Arden McLean, independent candidate in East End, retorted saying he believed the number of civil servants who were foreigners was less than 10 per cent. He didn’t see how the civil service could lose employees except through attrition. He supported selling such things as the Turtle Farm. “We need to make government more efficient and introduce more technology,” he said. But civil servants must do their job: “A day’s work for a day’s pay”. 

Speaking at the UCCI candidate forum in March, George Town independent Stefan Baraud said he also in favour of privatising certain money-losing entities to improve government finances. “Government should not be in the business – it should not be in business, period. It’s there to provide a service. It should not be in the business of the Turtle Farm, for example,” Mr. Baraud said. In addition, he supports reviewing the salaries of all ministers. 
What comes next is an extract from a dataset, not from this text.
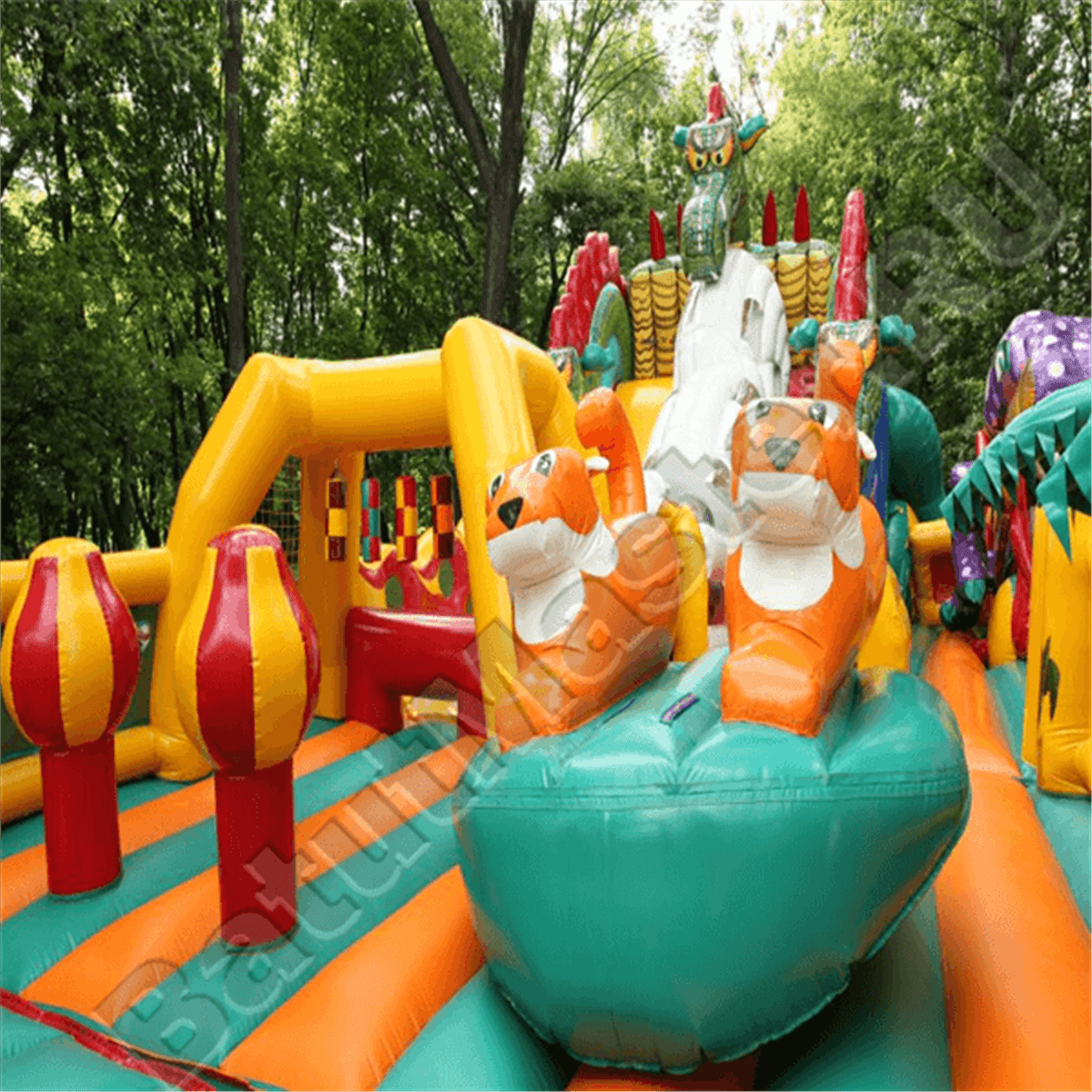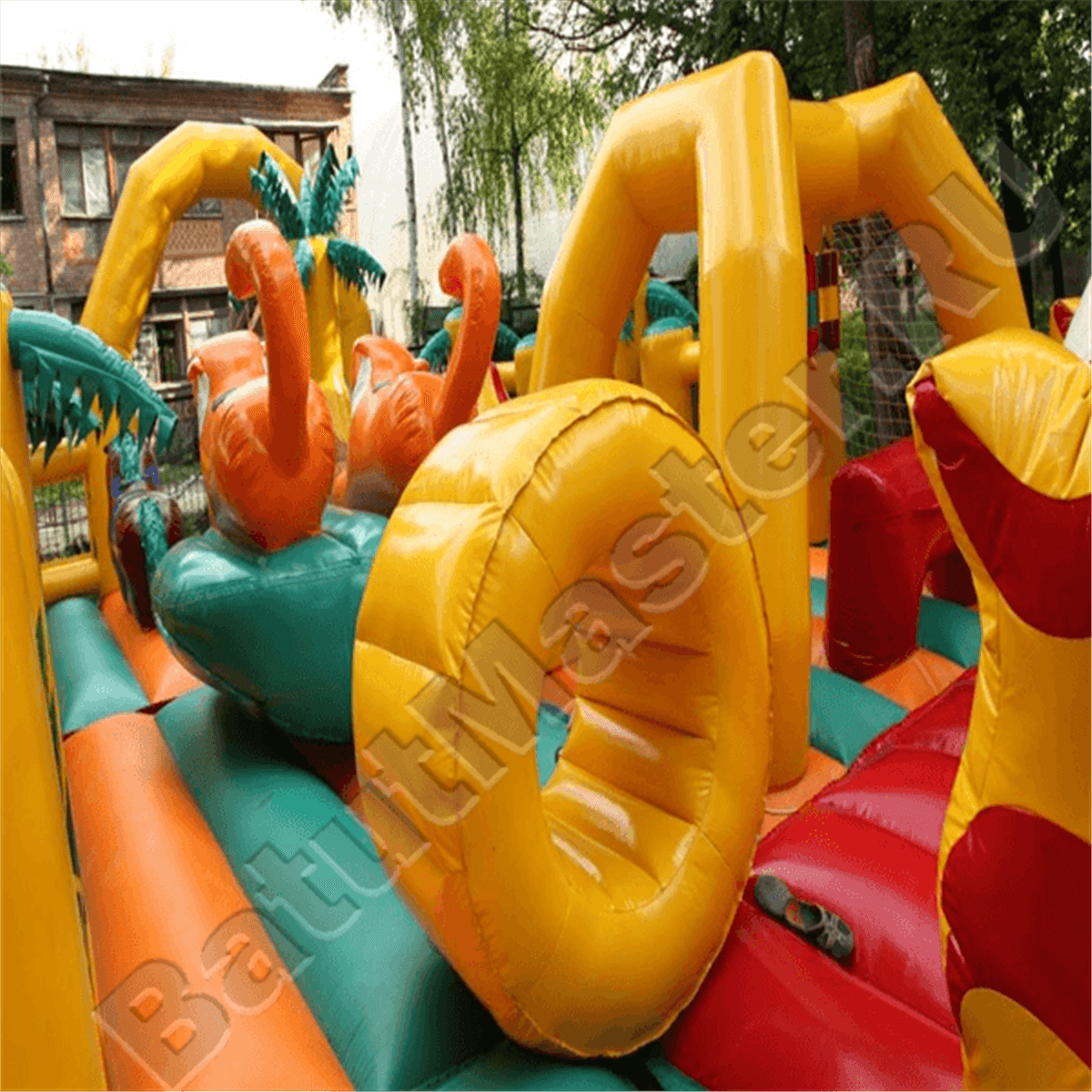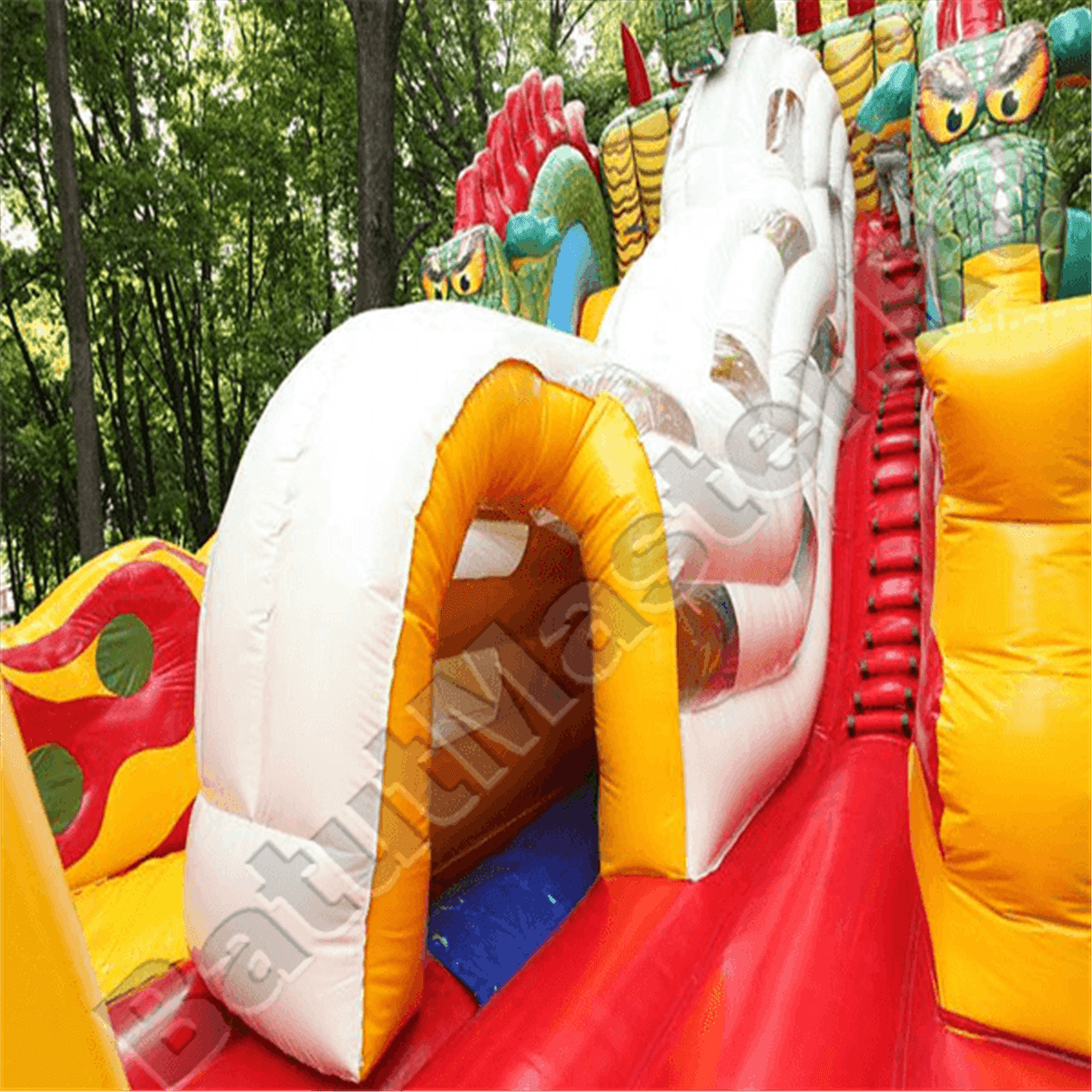 Как только дети попадут внутрь аттракциона, они окажутся внутри яркой площадки с множеством надувных фигур, иногда эти формы будут напоминать спортивные препятствия. Уже на пороге детям придется осилить скалодром с изображением обезьяны, дальше: подвесные груши, тигры, яркие башни и т. д. В левой части батута установлена увлекательная горка, состоящая из 3 зон, 2 из которых – это горки. Стартовая площадка батута находится на высоте 5 м, а самый верх конструкции украшает голова дракона. Центральная горка оборудована верхним тоннелем, который идеально ассоциируется с туловищем змея. Благодаря этому создается впечатление, что дети спускаются не по горке, а то туловищу чудовища. В левой части батута установлена робот-пасть в виде фиолетового земноводного,
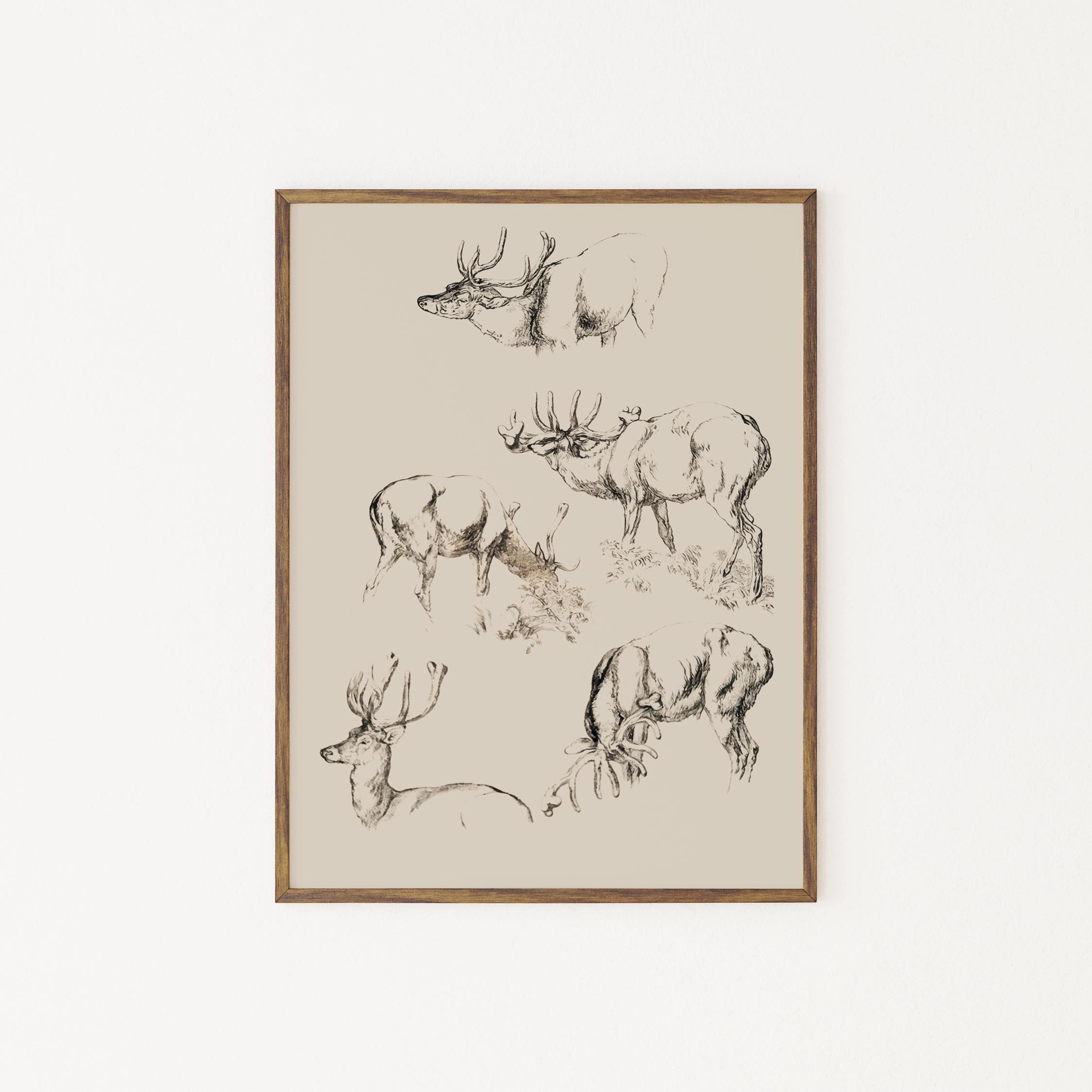 Vintage Christmas Wall Decor Reindeer from 1800s. Antique Holiday Cottage or Farmhouse decor. Instantly download, print and frame!

The Government building where many civil servants work. Photo: File


  1. The public sector is too large. It can only be trimmed by MLA’s. MLA’s are elected by Caymanians, many of which civil servants. No civil servant would vote for a candidate who vows to cut his job. So none of the MLA’s who are elected will cut public sector jobs. Kind of a catch-22 situation, isn’t it?
    I can see two solutions: 1. A binding agreement by all parties and candidates to reduce the civil service’s size by so many % over the next few years. This should happen before election day, and it would keep this issue out of the campaign as no candidate could gain any votes by keeping the goverment’s size.
    2. Given that current public employees’ salaries are only the tip of the iceberg, and that free healthcare and especially their pension benefits will cause a fiscal hurricane for the next generation, a voluntary termination scheme should be put in place. Every government employee who gives up his job could be entitled to an increased severance pay. True, this would cause some additional costs in the short term, but these would be far outweighed by savings in pension payments later on. Remember, the government’s future pension liabilities are not properly accounted for, but can only be estimated. Haven’t I read a figure of nearly 800 million the other day? Am I the only one who is scared?

  2. One relatively simple cut that could be imposed would be to impose the retirement age limit. The CS is full of people well past retirement age, collecting pension and salary, and blocking advancement and recruitment of younger Caymanians.